54. A method of constructing an amino-acid sequence database comprising:

i) a step for obtaining a linker degree determination score of an amino-acid residue Ai at a position i in an amino-acid sequence with L2 amino-acid residues (L2 is an integer of 22 or more) according to the method as set forth in claim 35 (however, a linker degree determination score need not be obtained for 0 to 50 residues at the N and C terminals of the amino-acid sequence);

ii) a step for executing secondary-structure prediction on the amino-acid sequence and predicting which regions will take a loop structure;

iii) a step for obtaining regions which are found likely to take a loop structure in the secondary-structure prediction and whose linker degree determination score is greater than 0;

iv) a step for selecting from the regions obtained in iii) the one whose maximum value of the linker degree determination score is greater than a lower limit value; and

v) a step for recording in a recording medium the amino-acid sequence of the region selected in iv).
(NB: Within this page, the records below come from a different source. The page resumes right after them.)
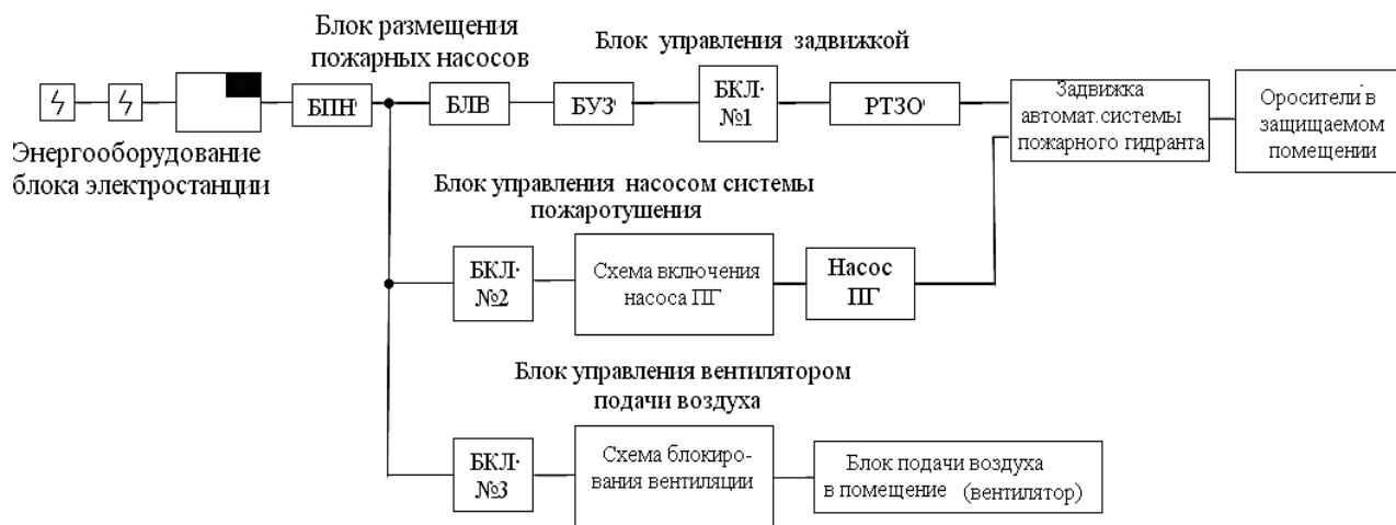
Рис. 2. Функциональная схема существующей автоматической установки обнаружения и тушения пожаров в машинном зале электростанции

Модель работы установки пожаротушения для прогнозирования вероятности ее отказа в определенный отрезок времени выполнялась для задвижек каналов водяного пожаротушения, для систем запуска пожарных насосов и систем блокировки вентиляционных каналов. В настоящее время в машинных залах блоков станций используют автоматические установки обнаружения, тушения пожара и установки управления пожарными гидрантами (АУПГ), функциональная схема которых представлена на рис. 2.
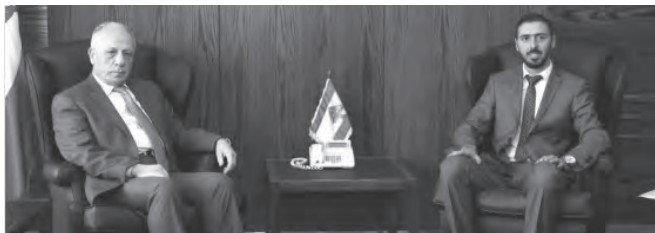
سليم مستقبلاً رستم

زار النائب احمد رستم وزير الدفاع في حكومة تصريف الأعمال مورييس سليم، وبحث معه في شؤون سياسية. وعرض رستم مع وزير الدفاع لمعانة العسكريين بعامة والعكارين بخاصة، من نواح عدة أهمها التكاليف الباهظة للمواصلات، مشدداً على «ضرورة تحسين ظروف العسكريين والمعاقدين»، وقال: «أوضح معاليه أنه استحدث منذ مطلع العام بدل نقل للعسكريين هو مليون ومئتا ألف ليرة شهرياً». وشدد رستم «على ثقة الناس بالمؤسسة العسكرية والقضاء»، اذ ان «المؤسسة العسكرية والسلك القضائي ركنان أساسيان من أركان الدولة وثباتها».
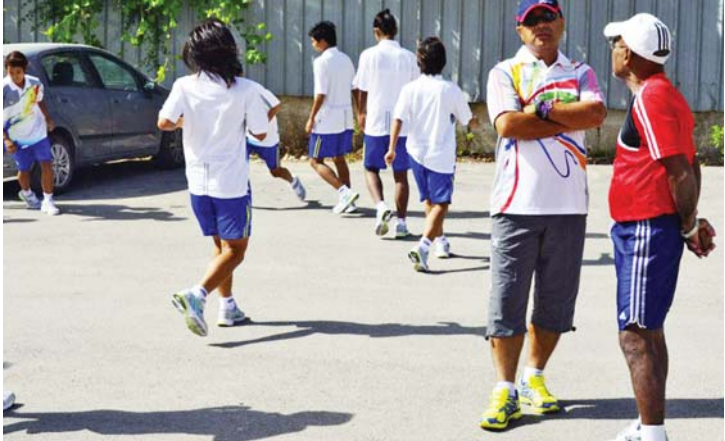
အာရှအမျိုးသမီးခြေစစ်ပွဲကို ပါလက်စတိုင်းနိုင်ငံတွင် သွားကစားစဉ်က လေ့ကျင့်မှုများပြုလုပ်နေသော မြန်မာအမျိုးသမီးအသင်း။

မြန်မာအမျိုးသမီးလက်ရွေးစင်အသင်းအနေဖြင့်ဗီယက်နမ်အသင်းနှင့် ခြေစမ်းပွဲကစားရန် စီစဉ်ခဲ့သော်လည်း ဖျက်ပြယ်ခဲ့
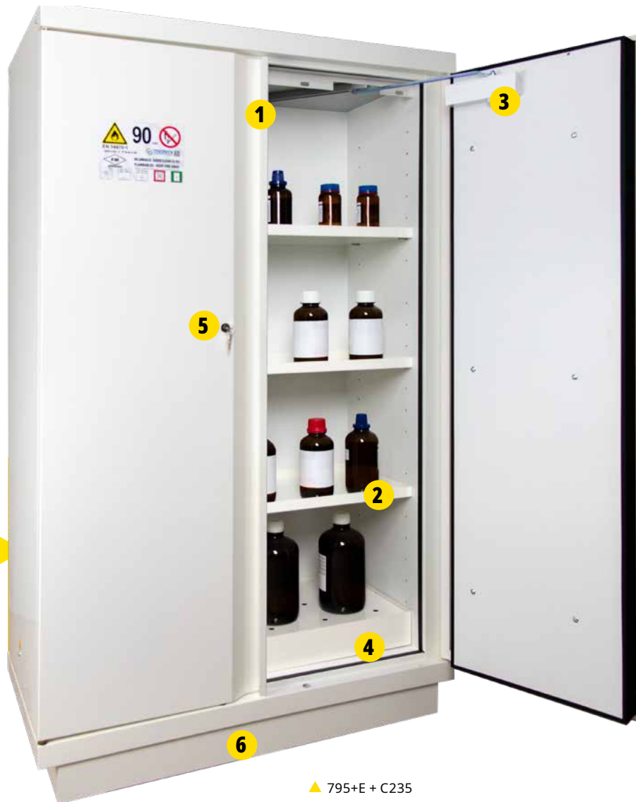
▲ 795+E + C235
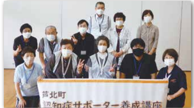
▲認知症サポーター養成講座の修了者
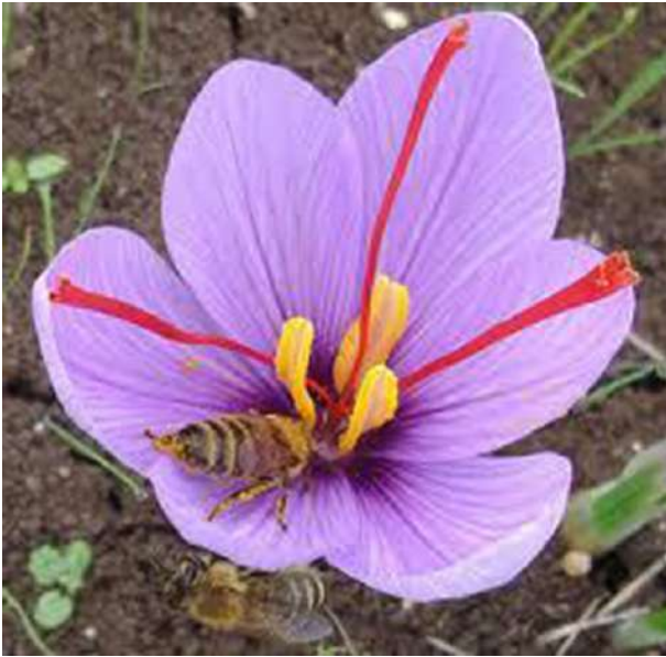
6. Άνθος κρόκου της Κοζάνης, από τον ύπερο του οποίου παράγεται το σαφράν.

ζωής και πιστεύεται ότι φέρνει τύχη, ευημερία και ευτυχία σε όσους συμμετέχουν.
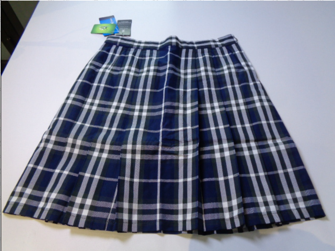
藏青/灰/白格子短裙
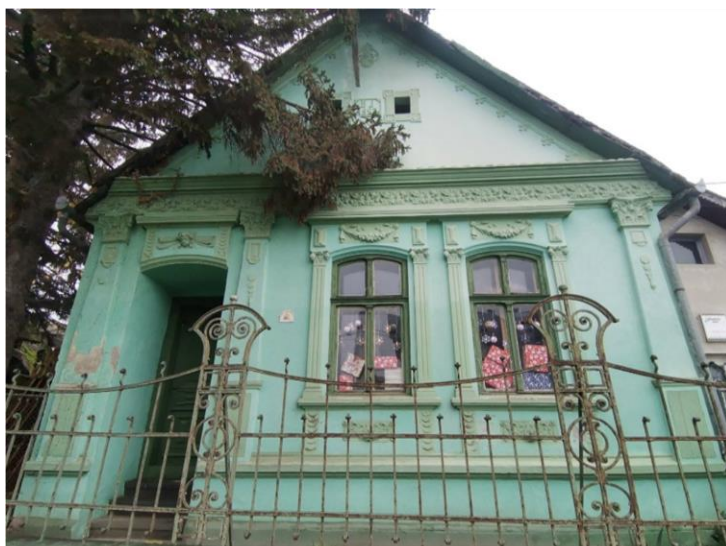
Slika 11. Obiteljsko poljoprivredno gospodarstvo „Duša Baranje“
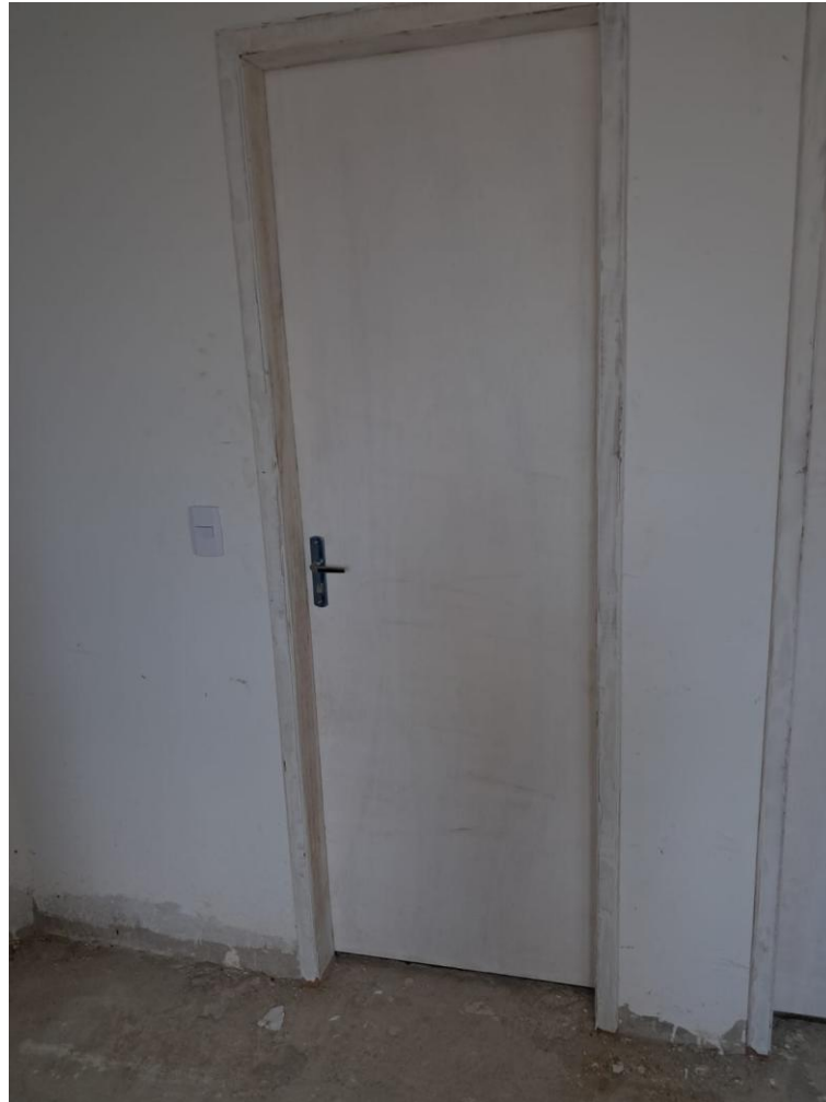
Imagem 11: emassamento de porta de madeira

Contrato: 015/2024 – Período Medido: 01/12/2025 a 31/03/2026
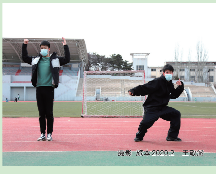
摄影 旅本2020.2 王敬涵
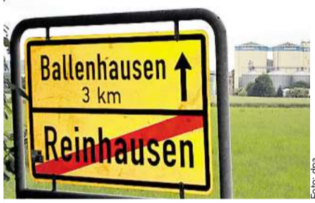
Reinhausen? Ballenhausen? Dieses Schild stand am Ortseingang von Stockhausen.

GÖTTINGEN. In mehreren Orten in Südniedersachsen haben Unbekannte in der Nacht zu Dienstag die Eingangsschilder entfernt und dann in anderen Orten wieder angebracht. Die Täter seien handwerklich völlig korrekt vorgegangen, sagte eine Polizeisprecherin. „Sie haben alle Schilder ordentlich ab- und wieder angeschraubt. Zerstört wurde nichts.“ Betroffen waren die Dörfer Klein Schneen, Stockhausen, Oberjesa, Ballenhausen, Reinhausen und Harste im Landkreis Göttingen, die Stadt Göttingen sowie die Dörfer Paresen und Nörten-Hardenberg im Landkreis Northeim. Die Straßenmeisterei hatte die vertauschten Schilder nach Angaben der Polizeisprecherin bis zum Mittag wieder an die richtigen Stellen gebracht. Sachschaden sei nicht entstanden. Der Scherz scheint sich wachsender Beliebtheit zu erfreuen: Vor wenigen Wochen hatten Unbekannte bereits in der Region Hannover Ortsschilder vertauscht.
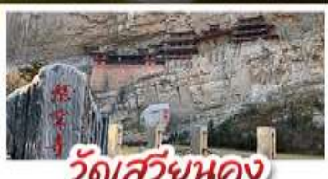
วัดเสวี่ยนหลง

บินตรงทยนเฉ่ง ชานซี เที่ยวสามมรดกโลก พุทธคีรีอุ๊กซาน กำหยนถ้ง เมืองโบราณผิงเหยา
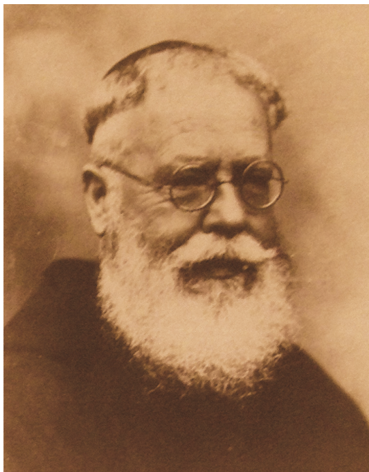
Fig. 1. El misionero capuchino Fidel de Montclar.

Alfons María d'Àger (Àguer 1865-Mataró 1937) nombre de religión del misionero Pere Sanuy Casanoves, ingresó en el Orden Capuchino en el convento de

55. A domain linker peptide made of the same amino-acid sequence as the amino-acid sequence of a region whose maximum value of a linker degree determination score is greater than a lower limit value, and which was obtained by a method comprising:

i) a step for obtaining a linker degree determination score of an amino-acid residue Ai at a position i in an amino-acid sequence with L2 amino acid residues (L2 is an integer of 22 or more) according to a method as set forth in claim 35 (however, a linker degree determination score need not be obtained for 0 to 50 residues at the N and C terminals of the amino acid sequence);

ii) a step for executing secondary-structure prediction on the amino-acid sequence and predicting which regions will take a loop structure;

iii) a step for obtaining regions which are found likely to take a loop structure in the secondary-structure prediction and whose linker trend determination score is greater than 0; and

iv) a step for selecting from the regions obtained in iii) the one whose maximum value of the linker degree determination score is greater than the lower limit value.